The first time they brought me my daughter, she was like an intense, long-term e-mail buddy with whom I’d gotten intimate but never actually met. Her face was such a surprise. Such a marvel. She had my eyes, my husband’s pale British skin. She had the curved pinkies of all the women in my family. She had more hair than I’ve ever seen on a child, more hair than most of my husband’s friends. We named her Eliana Jazz. Eliana because it meant “daughter of the sun,” and what is more beloved in the world than the sun? Jazz because she was as complex and as beautiful as anything I’d ever known.

The second time they brought her in, the BBC was on in our room, and Nargis was the big topic. News cameras had made it in by then, and the hundreds of estimated casualties had skyrocketed to thousands. I only half-listened. The nurse was showing me how to breast-feed, and I was still in a morphine haze. Jazz, though, got it immediately. Hooray for the epidural-heads!

As she nursed, I thought of the pregnant woman that I’d seen pulled from the tsunami rubble in Aceh. It began to dawn on me that the sadness didn’t lie in her death; it lay in the death of her child, and that if there is anything at all to be grateful for in that scenario, it is this: If you cannot protect your child from the world, it is better that you not be forced to live in it yourself.

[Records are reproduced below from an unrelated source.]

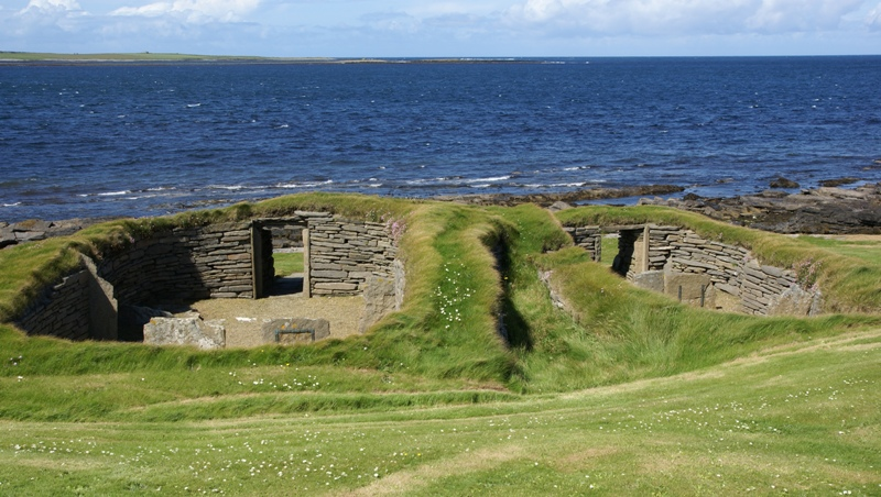 Knap of Howar, Papa Westray, Orkney, Scotland. View from the east.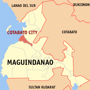 Map of the Maguindanao showing the location of Cotabato City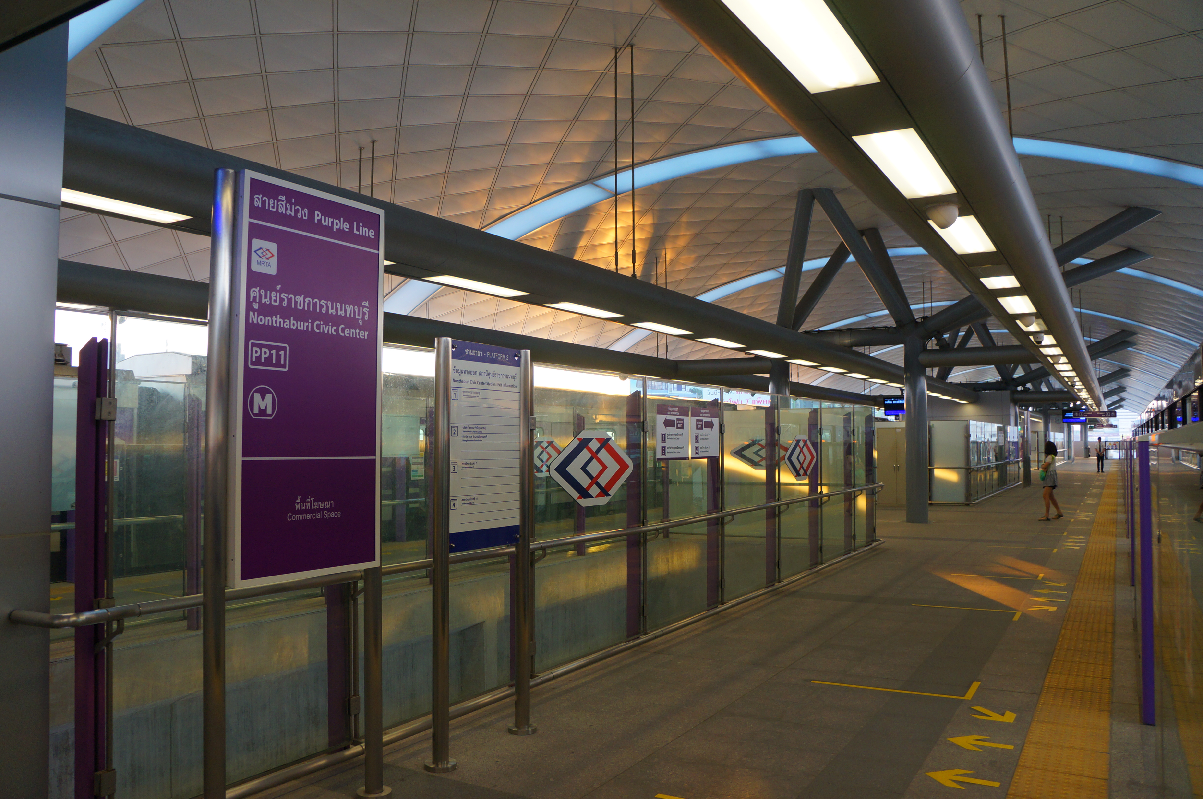 201701 Nonthaburi Civic Center Station

On the television, the camera was trained on a young woman who’d given birth during Cyclone Nargis. Let me write it again. During. Cyclone Nargis. She, in a torrent of terror and pain, and me in a sterilized room with a team around me and a husband holding my hand, reminding me to breathe. I stared at that young woman. And stared. She, too, was breast-feeding her new baby. (The next time I am asked whom in the world I’d most like to meet, that woman will be my answer. Well, her and Johnny Depp.) And the longer she stayed on camera, the more it began to dawn on me why the question of love that I’d posed to the prenatal teacher  had been so absurd, how it never really does happen that you don’t love your child. Because having Eliana Jazz did something for me that nothing else in the world—even the gravest natural disasters, the saddest of deaths, staring me right in the face—could ever do. It made me human.